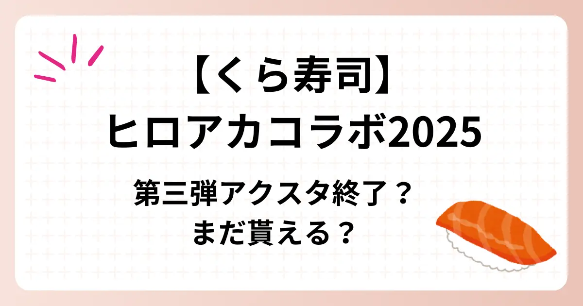 こちらの記事では、くら寿司ヒロアカコラボ第3弾「アクリルスタンド」の配布状況(売り切れ・終了・在庫状況)や混雑状況をまとめました。
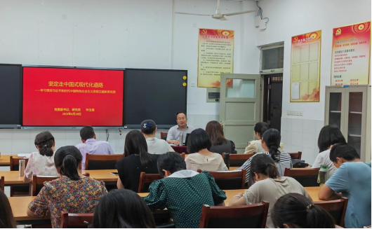 根据学校学习贯彻习近平新时代中国特色社会主义思想主题教育工作安排,6月28日下午,党委副书记毕玉海到商务管理系讲授《坚定走中国式现代化道路》专题党课,全系党员认真聆听党课。
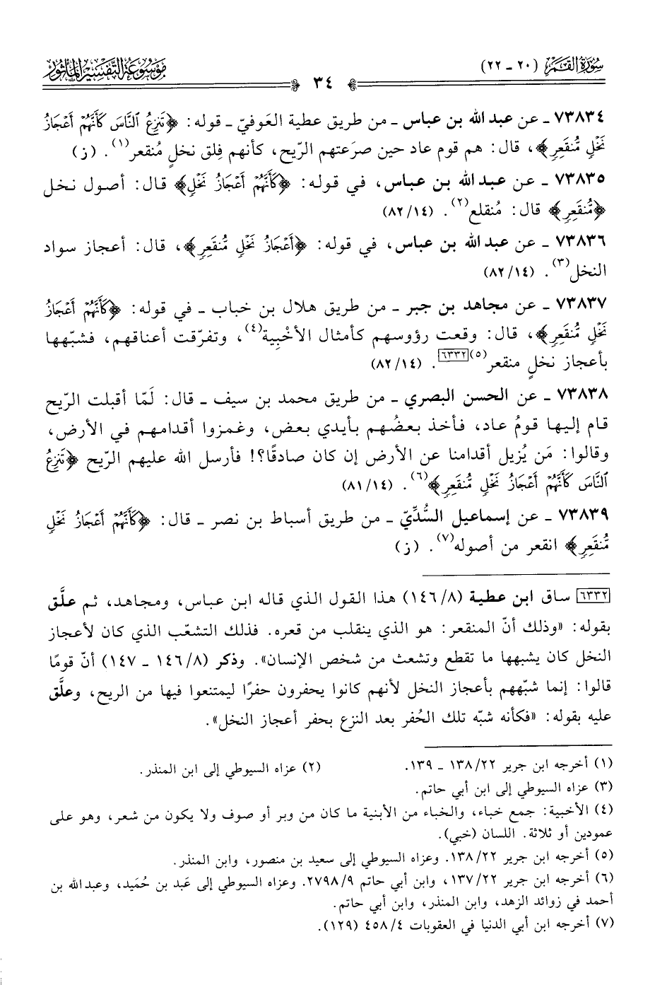 [٦٣٣٢] ساق ابن عطية (٨/ ١٤٦) هذا القول الذي قاله ابن عباس، ومجاهد، ثم علَّق بقوله: «وذلك أنّ المنقعر: هو الذي ينقلب من قعره. فذلك التشعّب الذي كان لأعجاز النخل كان يشبهها ما تقطع وتشعث من شخص الإنسان». وذكر (٨/ ١٤٦ - ١٤٧) أنّ قومًا قالوا: إنما شبّههم بأعجاز النخل لأنهم كانوا يحفرون حفرًا ليمتنعوا فيها من الريح، وعلَّق عليه بقوله: «فكأنه شبّه تلك الحُفر بعد النزع بحفر أعجاز النخل».
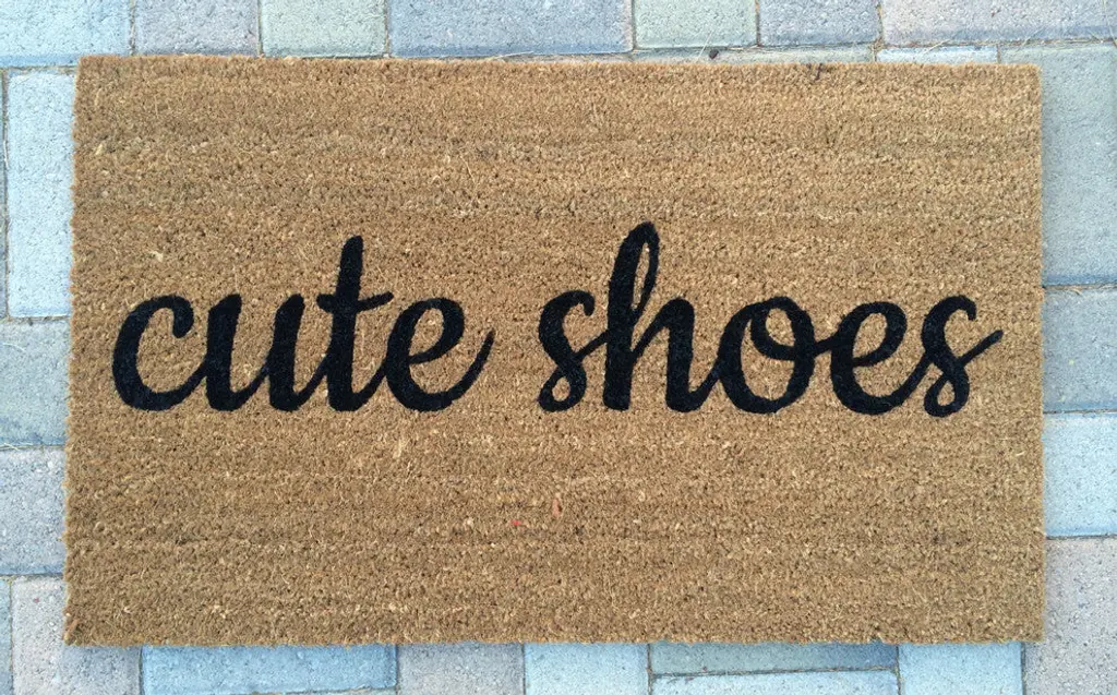 Hand Painted "Cute Shoes" Doormat, Troubled Times Gray
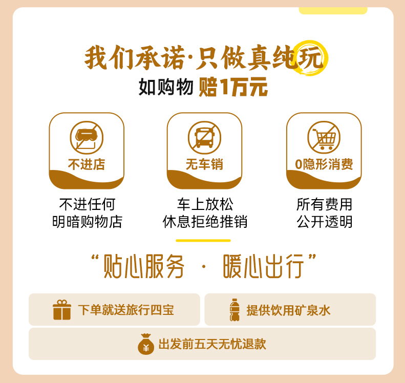10、 出游过程中,如产生退费情况,以退费项目旅行社折扣价为依据,均不以挂牌价为准。
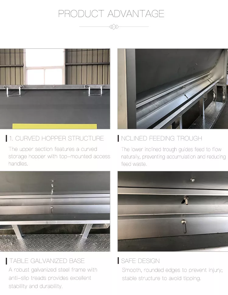 2. ຮ່ອງການໃຫ້ອາຫານທີ່ມີທ່າທາງ: ຮ່ອງການໃຫ້ອາຫານທີ່ມີທ່າທາງຕ່ຳຈະນຳທາງໃຫ້ອາຫານໄຫຼຕາມທຳມະຊາດ, ປ້ອງກັນການສະສົມ ແລະ ຫຼຸດຜ່ອນສິ່ງເສດເຫຼືອຂອງອາຫານ.
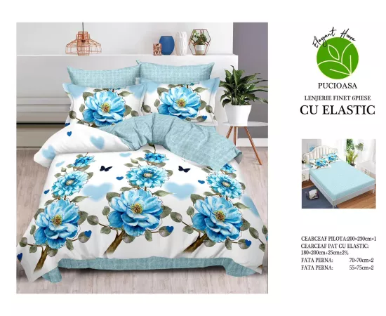 Lenjerie de pat Bumbac Finet 6 piese cu elastic - SIPRT134
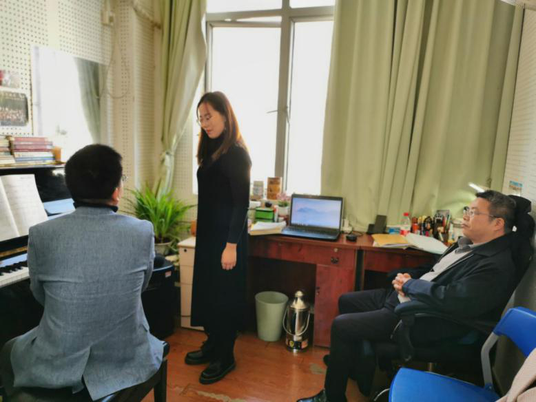 他们听取了音乐学教研室青年教师姚琛的《声乐表演个别课》,这门课程是音乐学专业的核心课程。课后,殷书记与师生进行了交流,对授课教师给予了充分肯定,他表示授课教师专业功底扎实、声乐表演素养深厚,授课过程深入浅出并很好地融入思想政治元素,能够引导学生用情用心表演,及时指出学生在运用气息方面的问题。最后殷书记也对一些教学细节提出了宝贵的建议。(文、图/王丹)
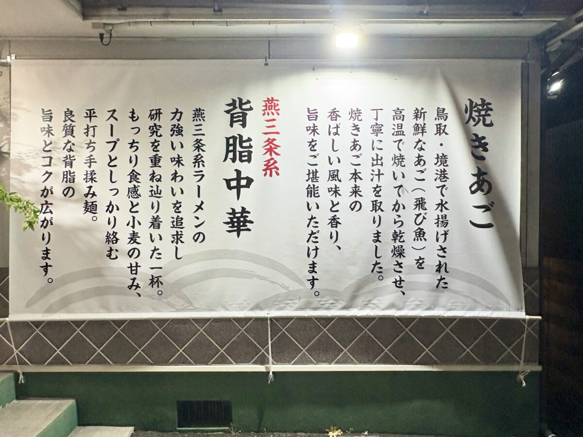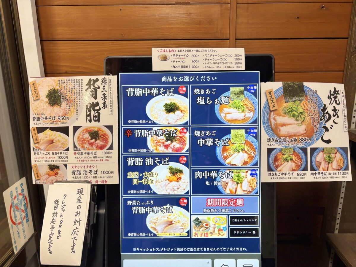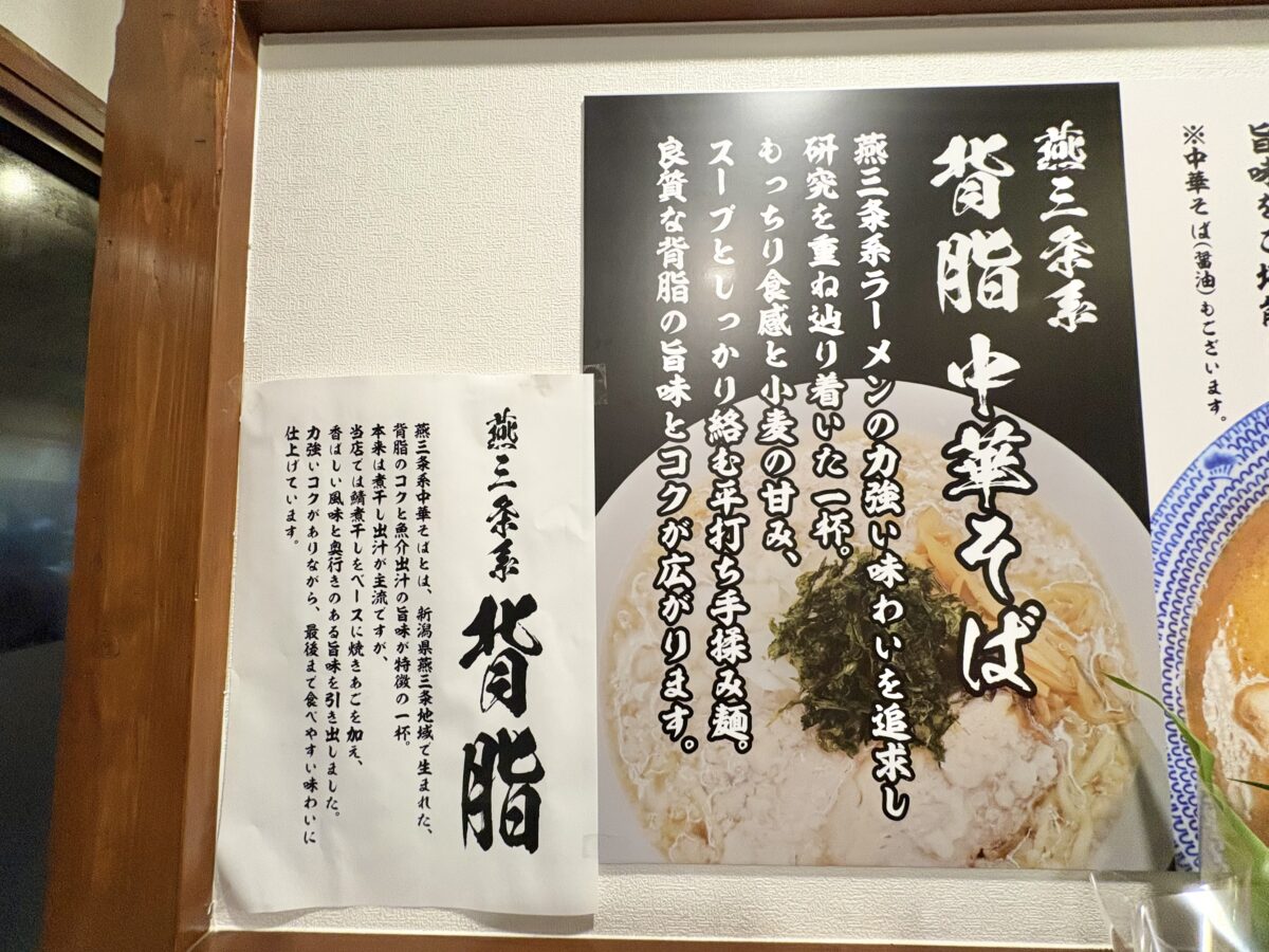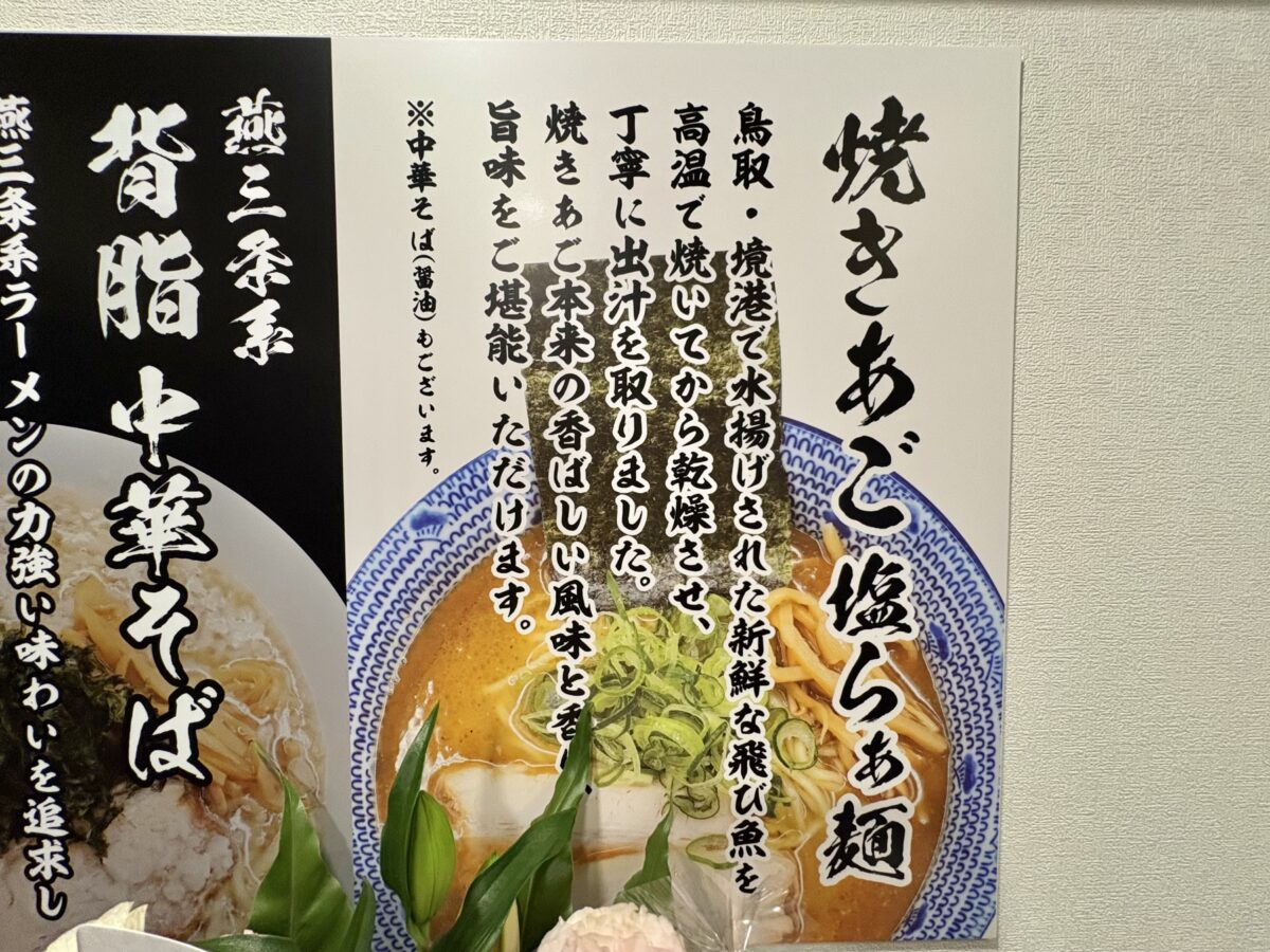 焼きあご塩らぁ麺と燕三条系背脂中華そばの2種類。

WHAT TO PRODUCE: Could you output every record above exactly as written, leaving out the pictures?

WRITTEN SOLUTION:
 こちらの記事では、くら寿司ヒロアカコラボ第3弾「アクリルスタンド」の配布状況(売り切れ・終了・在庫状況)や混雑状況をまとめました。
 根据学校学习贯彻习近平新时代中国特色社会主义思想主题教育工作安排,6月28日下午,党委副书记毕玉海到商务管理系讲授《坚定走中国式现代化道路》专题党课,全系党员认真聆听党课。
 [٦٣٣٢] ساق ابن عطية (٨/ ١٤٦) هذا القول الذي قاله ابن عباس، ومجاهد، ثم علَّق بقوله: «وذلك أنّ المنقعر: هو الذي ينقلب من قعره. فذلك التشعّب الذي كان لأعجاز النخل كان يشبهها ما تقطع وتشعث من شخص الإنسان». وذكر (٨/ ١٤٦ - ١٤٧) أنّ قومًا قالوا: إنما شبّههم بأعجاز النخل لأنهم كانوا يحفرون حفرًا ليمتنعوا فيها من الريح، وعلَّق عليه بقوله: «فكأنه شبّه تلك الحُفر بعد النزع بحفر أعجاز النخل».
 Hand Painted "Cute Shoes" Doormat, Troubled Times Gray
10、 出游过程中,如产生退费情况,以退费项目旅行社折扣价为依据,均不以挂牌价为准。
 2. ຮ່ອງການໃຫ້ອາຫານທີ່ມີທ່າທາງ: ຮ່ອງການໃຫ້ອາຫານທີ່ມີທ່າທາງຕ່ຳຈະນຳທາງໃຫ້ອາຫານໄຫຼຕາມທຳມະຊາດ, ປ້ອງກັນການສະສົມ ແລະ ຫຼຸດຜ່ອນສິ່ງເສດເຫຼືອຂອງອາຫານ.
 Lenjerie de pat Bumbac Finet 6 piese cu elastic - SIPRT134
 他们听取了音乐学教研室青年教师姚琛的《声乐表演个别课》,这门课程是音乐学专业的核心课程。课后,殷书记与师生进行了交流,对授课教师给予了充分肯定,他表示授课教师专业功底扎实、声乐表演素养深厚,授课过程深入浅出并很好地融入思想政治元素,能够引导学生用情用心表演,及时指出学生在运用气息方面的问题。最后殷书记也对一些教学细节提出了宝贵的建议。(文、图/王丹)
 焼きあご塩らぁ麺と燕三条系背脂中華そばの2種類。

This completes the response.